Cool downtown in an uptown mansion


The latest collection from New York to pay homage to the city itself is Coach, which presented a subversive vision of luxury and style in a cold winter show on Monday afternoon.

Coach – Fall-Winter 2024 – 2025 – Women's clothing – Etats-Unis – New York – ©Launchmetrics/spotlight

Calendar-wise, this came after Tommy Hilfiger and before Michael Kors, and was by far the most original take on New York style. As designer Stuart Vevers reinvented classic ideas about fashion and design, hipster style takes on a contemporary twist.

For a downtown brand, this was also a very high-end location: inside a historic mansion on Fifth Avenue, around the corner from the Metropolitan Museum of Art. Almost as if the cast had crashed a rich kids' party and made it their own. And the net effect was a collection that cleverly challenged the very idea of ​​what luxury really is.

“It's the kids who run the establishment,” Stuart joked.

A key element was the way Vevers aged almost everything, adding street attitude and a sense of imperfection that suggests the clothes and accessories were loved and worn. Hence the taffeta dresses arrived crushed and wrinkled; spy coats were extravagantly large and sheepskin or denim jackets were patchworked.

For men, tuxedos were double-sized and never ironed; the jackets were wrinkled; and suitably faded leather coats in faded anthracite.

Coach – Fall-Winter 2024 – 2025 – Women's clothing – Etats-Unis – New York – ©Launchmetrics/spotlight

Even the washed and unpolished mechanic's boots for boys and girls.
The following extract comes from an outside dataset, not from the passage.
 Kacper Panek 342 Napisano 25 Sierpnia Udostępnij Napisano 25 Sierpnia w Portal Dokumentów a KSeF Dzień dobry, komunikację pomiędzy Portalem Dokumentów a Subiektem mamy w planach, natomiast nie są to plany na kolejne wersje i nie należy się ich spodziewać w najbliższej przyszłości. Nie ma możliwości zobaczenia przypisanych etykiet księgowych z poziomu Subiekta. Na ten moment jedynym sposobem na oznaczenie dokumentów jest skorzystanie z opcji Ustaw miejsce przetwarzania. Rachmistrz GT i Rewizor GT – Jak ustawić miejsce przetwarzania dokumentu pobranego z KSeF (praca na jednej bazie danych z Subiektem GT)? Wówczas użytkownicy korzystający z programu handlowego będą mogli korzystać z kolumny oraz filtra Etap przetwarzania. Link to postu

They all carried New York bags and trinkets: coffee mugs reading “I Love New York”; yellow checkered cabin toys; mini statues of liberty; Big Apples and even postcards of Central Park and the Empire State Building.
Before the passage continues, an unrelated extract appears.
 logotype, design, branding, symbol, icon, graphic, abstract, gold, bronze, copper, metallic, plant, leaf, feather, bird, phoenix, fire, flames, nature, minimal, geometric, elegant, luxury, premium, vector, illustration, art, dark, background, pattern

“I am still very focused on listening to the current generation, that has been one of my obsessions: youth culture. My goal is to see the tropes of classicism or even the codes of luxury through their lenses. While they are disrupting it, challenging it and making it their own,” explained UK-born Vevers, who celebrated his decade at the helm of Coach last September.

In fact, the collection was a clear recognition of a radical change in fashion. People are happy to buy vintage and second-hand items online and to gift and accept them. Which for a brand with nearly $7 billion in annual sales is a huge step forward.

“After more than 10 years here, I still see this city through the eyes of a boy growing up in Yorkshire. It is eternally fascinating and magical where the streets feel like a movie set,” he smiled.